Open discordianfish opened 8 years ago
This can be reliably reproduced. My cluster consists of small DO instances. It seems like formatting a 5GB partition overloads the cluster. On the peer which has the partition attached, load jumps to ~14 due to IO wait. I guess this is expected due to nbd stalling with etcd re-electing. I've raised the election timeout to 5s but this didn't really help. I'll give it some more time to see if it recovers but then I'm pretty much out of option. It seems like something causing the whole VM to lock up for seconds which I assume causes the problems. And there seems to be an issue somewhere not allowing it to recover.
Interesting. This appears to be an interaction between etcd and Torus -- mostly on the etcd side. I'm adding @xiang90, who might have some insight to the etcd logs.

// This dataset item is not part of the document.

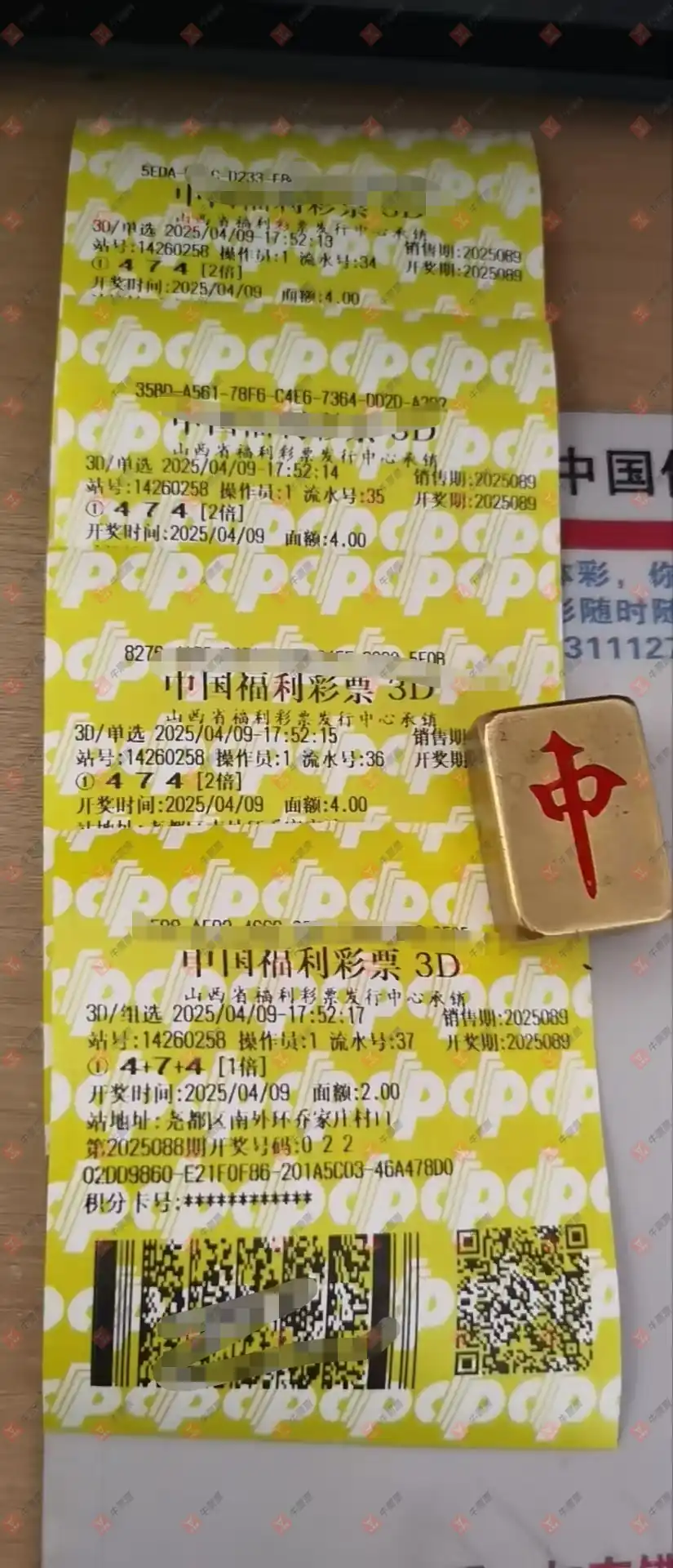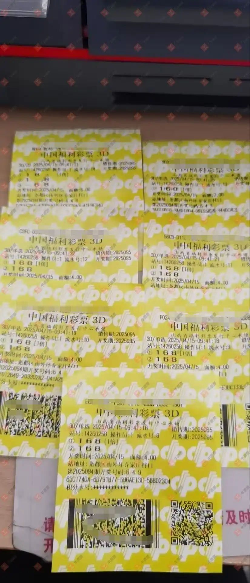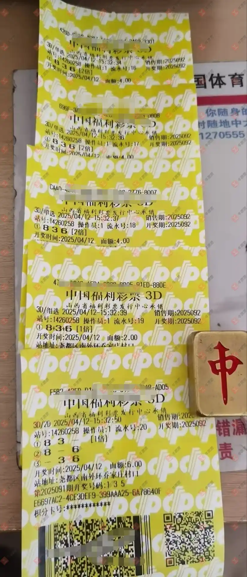福彩3D 2025095期 晒中

It seems like something causing the whole VM to lock up for seconds which I assume causes the problems. And there seems to be an issue somewhere not allowing it to recover.
If the VM is down, then etcd is down. Probably we need to figure out why the VM is down? Does etcd cause the VM down. Or the VM causes etcd down?
Incidentally, Torus is saying that it was operating normally, but then some requests timed out to etcd, so much so that 30s or more passed, and the lease was lost. 30s is an eon; something is going on.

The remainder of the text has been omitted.